**WHAT THIS TASK INVOLVES**: In this exercise, print only the lines from the line with "Crawling Baby Silhouette, Infant" to the last line of the data below, inclusive. Any pictures should be left out.

(Beginning of MATERIAL PROVIDED)

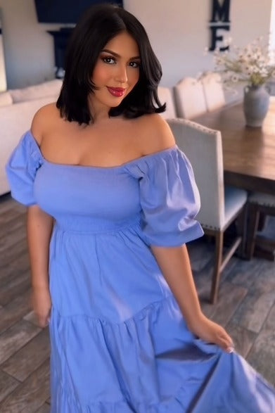 A solid hued maxi dress featuring a smocked top, a square neckline, short puff sleeves, side pockets and a tiered skirt.
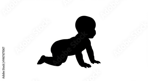 Crawling Baby Silhouette, Infant Silhouette: Black and White Baby Illustration
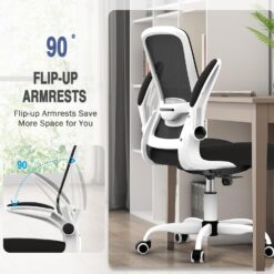 Mimoglad Office Chair, Ergonomic Desk Chair with Adjustable Lumbar Support, High Back Mesh Computer Chair with Flip-up Armrests-BIFMA Passed Task Chairs, Executive Chair for Home Office (White, Black)

(End of MATERIAL PROVIDED)

**RESULT OF THIS EXERCISE**:
 Crawling Baby Silhouette, Infant Silhouette: Black and White Baby Illustration
 Mimoglad Office Chair, Ergonomic Desk Chair with Adjustable Lumbar Support, High Back Mesh Computer Chair with Flip-up Armrests-BIFMA Passed Task Chairs, Executive Chair for Home Office (White, Black)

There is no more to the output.